**Exercise details**
Leaving out all images, return the entries below exactly.

(Records from a collection)
_____
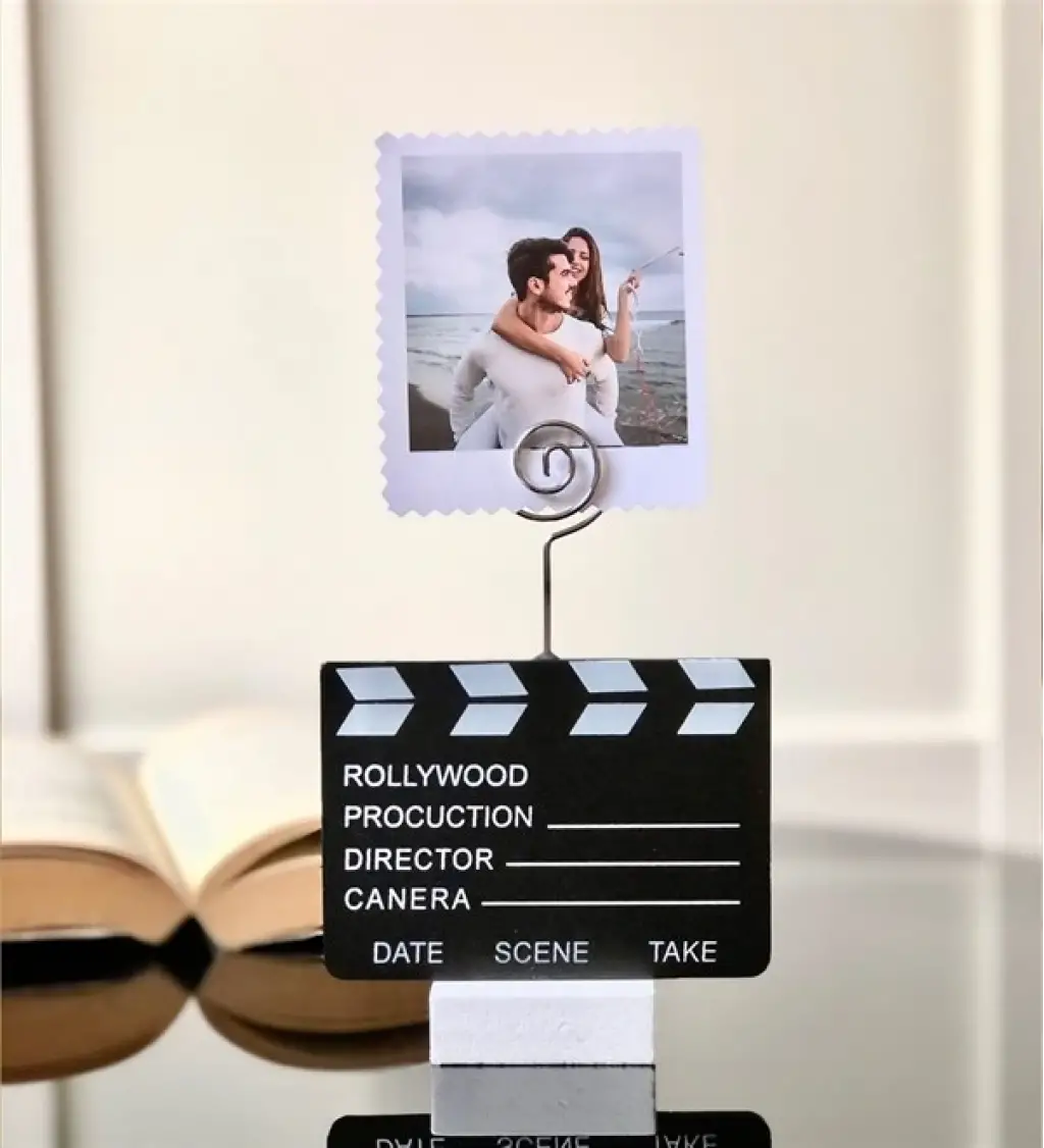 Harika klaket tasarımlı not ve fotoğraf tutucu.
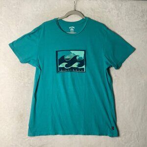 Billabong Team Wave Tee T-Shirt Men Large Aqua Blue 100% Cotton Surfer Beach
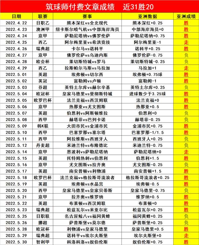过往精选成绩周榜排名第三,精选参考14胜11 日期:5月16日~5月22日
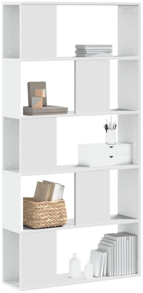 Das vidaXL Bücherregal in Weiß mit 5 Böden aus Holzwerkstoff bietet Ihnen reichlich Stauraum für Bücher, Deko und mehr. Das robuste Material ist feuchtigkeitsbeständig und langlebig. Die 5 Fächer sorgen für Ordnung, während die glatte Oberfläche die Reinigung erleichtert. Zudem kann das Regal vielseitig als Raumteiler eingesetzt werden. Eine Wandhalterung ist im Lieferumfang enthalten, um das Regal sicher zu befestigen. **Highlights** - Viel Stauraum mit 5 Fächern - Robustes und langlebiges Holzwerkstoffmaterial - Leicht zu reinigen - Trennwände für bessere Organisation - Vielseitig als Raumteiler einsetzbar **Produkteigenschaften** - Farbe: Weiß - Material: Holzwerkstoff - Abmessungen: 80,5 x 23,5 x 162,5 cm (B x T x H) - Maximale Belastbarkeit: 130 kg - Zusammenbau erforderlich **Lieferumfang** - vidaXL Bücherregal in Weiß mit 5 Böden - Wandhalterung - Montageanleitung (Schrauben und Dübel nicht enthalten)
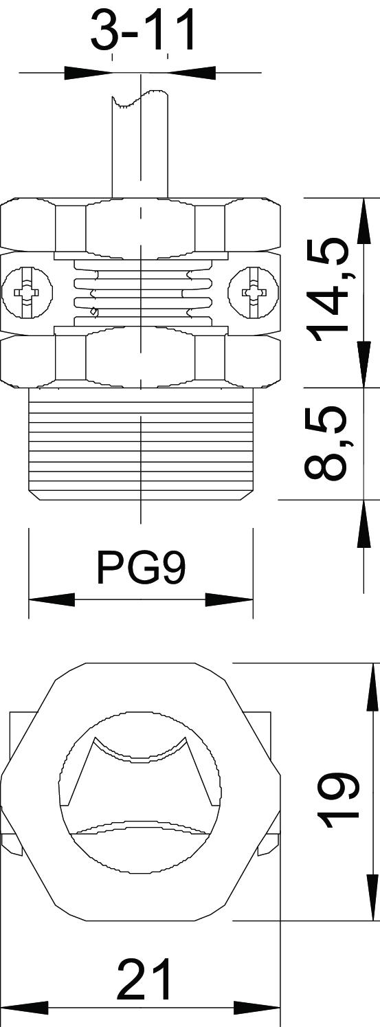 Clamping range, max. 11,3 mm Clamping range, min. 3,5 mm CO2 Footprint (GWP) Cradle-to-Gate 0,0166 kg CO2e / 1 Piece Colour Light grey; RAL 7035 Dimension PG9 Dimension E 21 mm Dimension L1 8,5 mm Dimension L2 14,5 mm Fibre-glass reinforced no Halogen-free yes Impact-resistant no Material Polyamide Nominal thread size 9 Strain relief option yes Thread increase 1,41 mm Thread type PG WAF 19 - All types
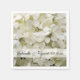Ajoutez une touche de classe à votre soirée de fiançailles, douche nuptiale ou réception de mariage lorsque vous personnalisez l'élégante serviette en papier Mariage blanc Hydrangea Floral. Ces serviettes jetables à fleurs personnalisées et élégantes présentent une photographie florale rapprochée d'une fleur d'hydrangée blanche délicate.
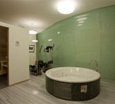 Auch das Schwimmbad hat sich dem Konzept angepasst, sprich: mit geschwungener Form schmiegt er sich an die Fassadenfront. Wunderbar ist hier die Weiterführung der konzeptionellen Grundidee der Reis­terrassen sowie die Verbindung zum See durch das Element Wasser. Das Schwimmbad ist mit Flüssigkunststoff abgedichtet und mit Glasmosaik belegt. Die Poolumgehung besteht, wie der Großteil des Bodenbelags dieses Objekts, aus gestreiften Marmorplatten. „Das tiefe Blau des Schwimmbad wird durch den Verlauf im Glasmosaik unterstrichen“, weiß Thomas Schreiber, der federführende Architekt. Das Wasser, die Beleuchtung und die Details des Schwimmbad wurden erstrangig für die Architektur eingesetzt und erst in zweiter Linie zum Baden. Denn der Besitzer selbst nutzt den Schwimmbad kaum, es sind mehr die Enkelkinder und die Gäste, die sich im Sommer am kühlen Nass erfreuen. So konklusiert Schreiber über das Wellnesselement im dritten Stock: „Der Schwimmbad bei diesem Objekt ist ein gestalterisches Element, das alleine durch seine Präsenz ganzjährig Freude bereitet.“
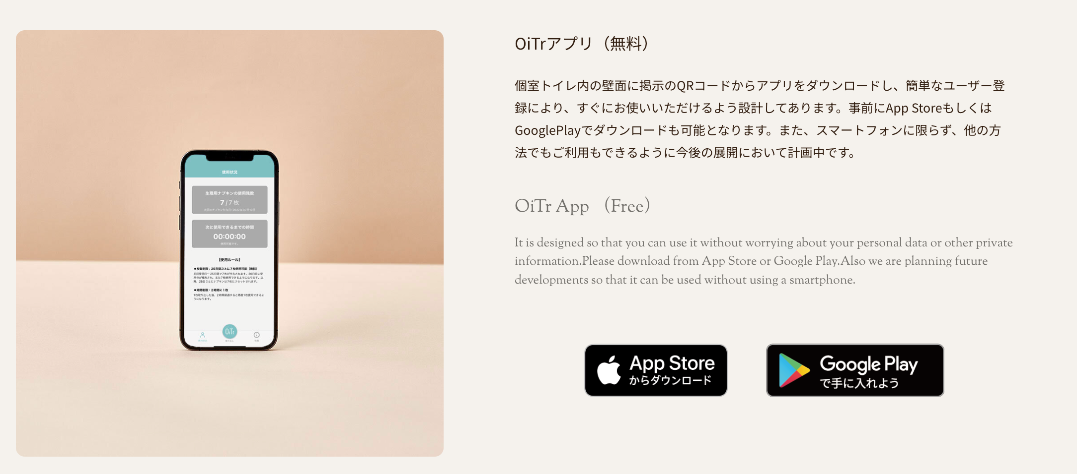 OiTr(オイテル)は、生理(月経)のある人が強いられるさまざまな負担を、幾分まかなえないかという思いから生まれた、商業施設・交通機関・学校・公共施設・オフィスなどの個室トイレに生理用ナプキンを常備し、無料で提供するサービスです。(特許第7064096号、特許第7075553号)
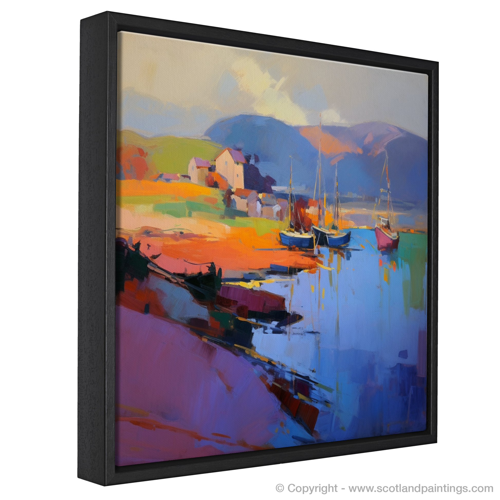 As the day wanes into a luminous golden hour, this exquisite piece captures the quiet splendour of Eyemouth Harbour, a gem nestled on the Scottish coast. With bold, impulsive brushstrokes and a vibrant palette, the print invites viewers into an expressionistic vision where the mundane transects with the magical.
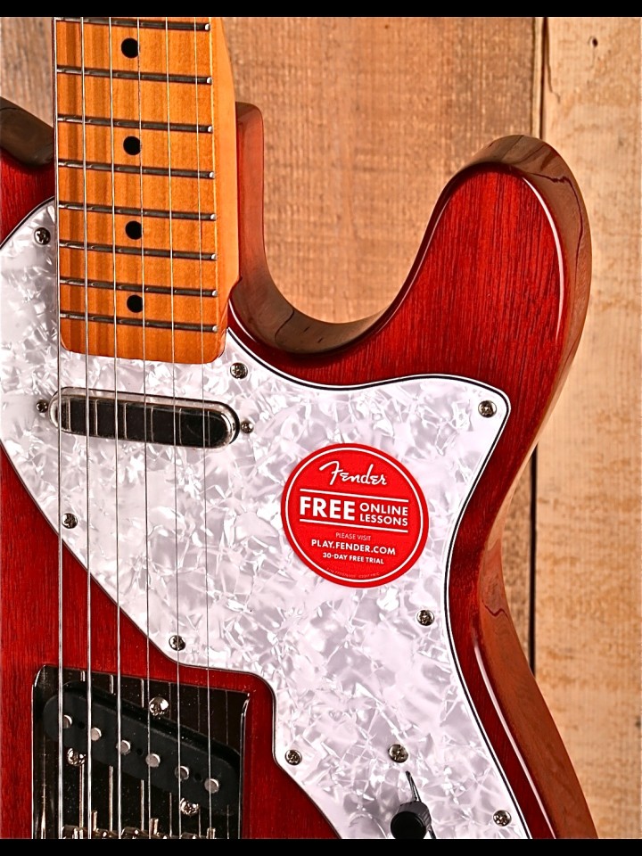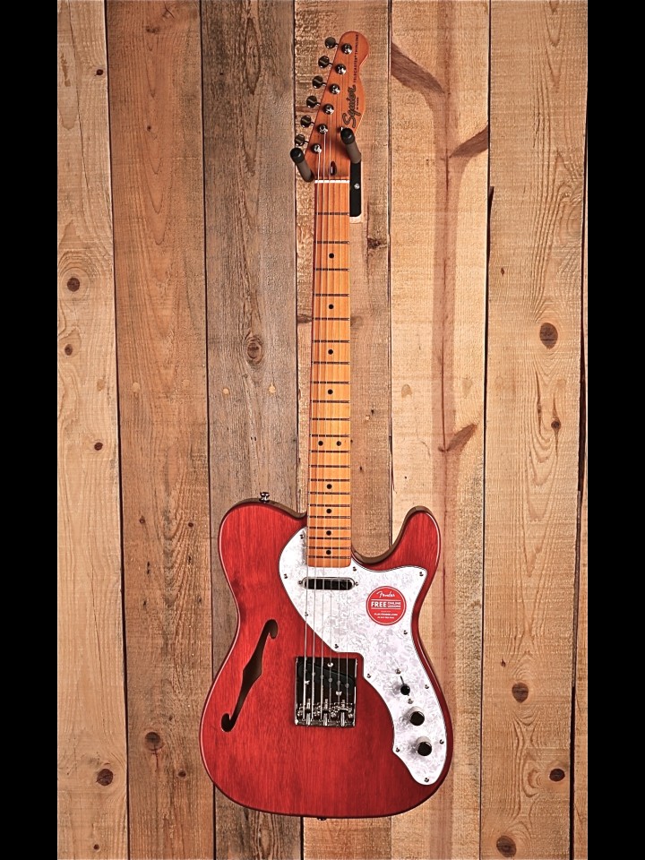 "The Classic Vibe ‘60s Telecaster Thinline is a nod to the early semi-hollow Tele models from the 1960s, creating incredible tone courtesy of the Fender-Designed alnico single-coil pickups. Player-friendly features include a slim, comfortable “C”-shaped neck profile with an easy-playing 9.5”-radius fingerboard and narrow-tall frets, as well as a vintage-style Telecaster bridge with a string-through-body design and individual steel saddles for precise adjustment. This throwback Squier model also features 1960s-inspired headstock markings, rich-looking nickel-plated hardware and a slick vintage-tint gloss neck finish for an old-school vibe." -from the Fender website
_____
**Response area**
 Harika klaket tasarımlı not ve fotoğraf tutucu.
 Billabong Team Wave Tee T-Shirt Men Large Aqua Blue 100% Cotton Surfer Beach
过往精选成绩周榜排名第三,精选参考14胜11 日期:5月16日~5月22日
 Das vidaXL Bücherregal in Weiß mit 5 Böden aus Holzwerkstoff bietet Ihnen reichlich Stauraum für Bücher, Deko und mehr. Das robuste Material ist feuchtigkeitsbeständig und langlebig. Die 5 Fächer sorgen für Ordnung, während die glatte Oberfläche die Reinigung erleichtert. Zudem kann das Regal vielseitig als Raumteiler eingesetzt werden. Eine Wandhalterung ist im Lieferumfang enthalten, um das Regal sicher zu befestigen. **Highlights** - Viel Stauraum mit 5 Fächern - Robustes und langlebiges Holzwerkstoffmaterial - Leicht zu reinigen - Trennwände für bessere Organisation - Vielseitig als Raumteiler einsetzbar **Produkteigenschaften** - Farbe: Weiß - Material: Holzwerkstoff - Abmessungen: 80,5 x 23,5 x 162,5 cm (B x T x H) - Maximale Belastbarkeit: 130 kg - Zusammenbau erforderlich **Lieferumfang** - vidaXL Bücherregal in Weiß mit 5 Böden - Wandhalterung - Montageanleitung (Schrauben und Dübel nicht enthalten)
 Clamping range, max. 11,3 mm Clamping range, min. 3,5 mm CO2 Footprint (GWP) Cradle-to-Gate 0,0166 kg CO2e / 1 Piece Colour Light grey; RAL 7035 Dimension PG9 Dimension E 21 mm Dimension L1 8,5 mm Dimension L2 14,5 mm Fibre-glass reinforced no Halogen-free yes Impact-resistant no Material Polyamide Nominal thread size 9 Strain relief option yes Thread increase 1,41 mm Thread type PG WAF 19 - All types
Ajoutez une touche de classe à votre soirée de fiançailles, douche nuptiale ou réception de mariage lorsque vous personnalisez l'élégante serviette en papier Mariage blanc Hydrangea Floral. Ces serviettes jetables à fleurs personnalisées et élégantes présentent une photographie florale rapprochée d'une fleur d'hydrangée blanche délicate.
 Auch das Schwimmbad hat sich dem Konzept angepasst, sprich: mit geschwungener Form schmiegt er sich an die Fassadenfront. Wunderbar ist hier die Weiterführung der konzeptionellen Grundidee der Reis­terrassen sowie die Verbindung zum See durch das Element Wasser. Das Schwimmbad ist mit Flüssigkunststoff abgedichtet und mit Glasmosaik belegt. Die Poolumgehung besteht, wie der Großteil des Bodenbelags dieses Objekts, aus gestreiften Marmorplatten. „Das tiefe Blau des Schwimmbad wird durch den Verlauf im Glasmosaik unterstrichen“, weiß Thomas Schreiber, der federführende Architekt. Das Wasser, die Beleuchtung und die Details des Schwimmbad wurden erstrangig für die Architektur eingesetzt und erst in zweiter Linie zum Baden. Denn der Besitzer selbst nutzt den Schwimmbad kaum, es sind mehr die Enkelkinder und die Gäste, die sich im Sommer am kühlen Nass erfreuen. So konklusiert Schreiber über das Wellnesselement im dritten Stock: „Der Schwimmbad bei diesem Objekt ist ein gestalterisches Element, das alleine durch seine Präsenz ganzjährig Freude bereitet.“
 OiTr(オイテル)は、生理(月経)のある人が強いられるさまざまな負担を、幾分まかなえないかという思いから生まれた、商業施設・交通機関・学校・公共施設・オフィスなどの個室トイレに生理用ナプキンを常備し、無料で提供するサービスです。(特許第7064096号、特許第7075553号)
 As the day wanes into a luminous golden hour, this exquisite piece captures the quiet splendour of Eyemouth Harbour, a gem nestled on the Scottish coast. With bold, impulsive brushstrokes and a vibrant palette, the print invites viewers into an expressionistic vision where the mundane transects with the magical.
 "The Classic Vibe ‘60s Telecaster Thinline is a nod to the early semi-hollow Tele models from the 1960s, creating incredible tone courtesy of the Fender-Designed alnico single-coil pickups. Player-friendly features include a slim, comfortable “C”-shaped neck profile with an easy-playing 9.5”-radius fingerboard and narrow-tall frets, as well as a vintage-style Telecaster bridge with a string-through-body design and individual steel saddles for precise adjustment. This throwback Squier model also features 1960s-inspired headstock markings, rich-looking nickel-plated hardware and a slick vintage-tint gloss neck finish for an old-school vibe." -from the Fender website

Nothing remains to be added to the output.